Finding discrete logarithm with baby-step-giant-step algorithm

Question

I am trying to use the Baby Step Giant Step algorithm to find discrete logarithm in: $$a^x= B \pmod p$$ with using BSGS: $$x = im+j$$ $$a^j = B a^{-im}$$ where $m = \sqrt{p}$

Wikipedia says:

A cyclic group of order $p$, having a generator $\alpha$ and an element $B$.

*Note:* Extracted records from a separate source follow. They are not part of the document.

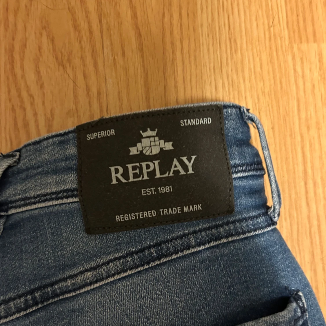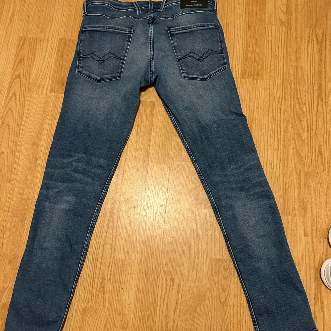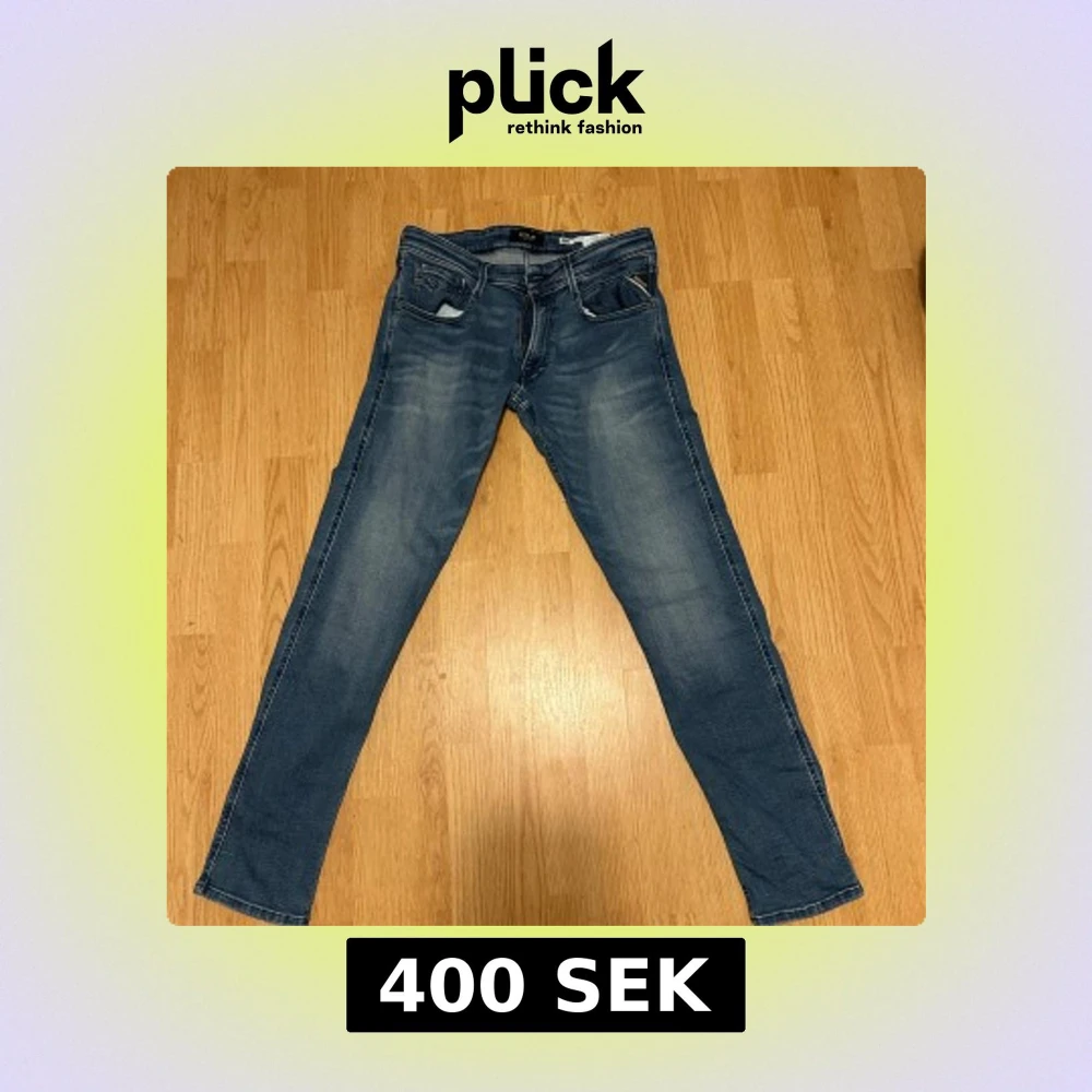 Snygga blå jeans från Replay, modell Anbass Slim Fit. Jeansen har klassisk femficksdesign, diskreta slitningar och smal passform. Tillverkade i stretchigt denim för extra komfort. Perfekta för dig som gillar en modern och stilren look.
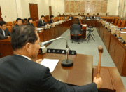 16일 '교육관련정보의 공개에 관한 법률안(이주호의원 대표발의)에 관한 공청회'에서 열린우리당의원의 불참으로 인해 황우여(한나라당) 교육위원장이 정회를 선포하고 있다.
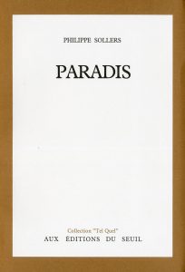 SOLLERS (Philippe). Paradis. P., Seuil, 1981, 8°, br., non coupé. Edit. orig. 1/35 ex. num. sur papier offset sirène de Sainte-Marie et parmi ceux-ci 1/30 num. en chiffres arabes. Célèbre roman de Sollers qui fut édité sans aucune ponctuation.

But $p$ is a 158 bit number. Hence $m$ is too large and I know that $j$ is not a very big number, $j < k$, where $k \ll n$. I try to limit test values for $j$ and $i$ by defining $n$ as the next prime of $k$, but in this case I have this problem:

$$x = im+j \pmod {\operatorname{nextPrime}(k)}$$

$$a^x = B\pmod p$$ and when I try $B a^{-im}$ it does not give me $a^j$ because $B$ is actually $a^x \pmod p$ and I cannot find it in the lookup table I have created using values of $a^j$.

How can I solve this?

Answer 1

To search for the values $a^x$ in the range $0 < x < k$, what you need to do is set $m = \sqrt{k}$ (rounded up), and then do the Baby Step/Giant Step algorithm for $0 \le i, j < m$.

That is, you generate the values $a^0, a^1, ..., a^{m-1}$ and the values $B\cdot a^{-0}, B\cdot a^{-m}, B\cdot a^{-2m}, ..., B\cdot a^{-(m-1)m}$; if $x<k$, then there will be a colliding pair $a^j = B\cdot a^{-im} = a^x \cdot a^{-im}$ with $x = j +im$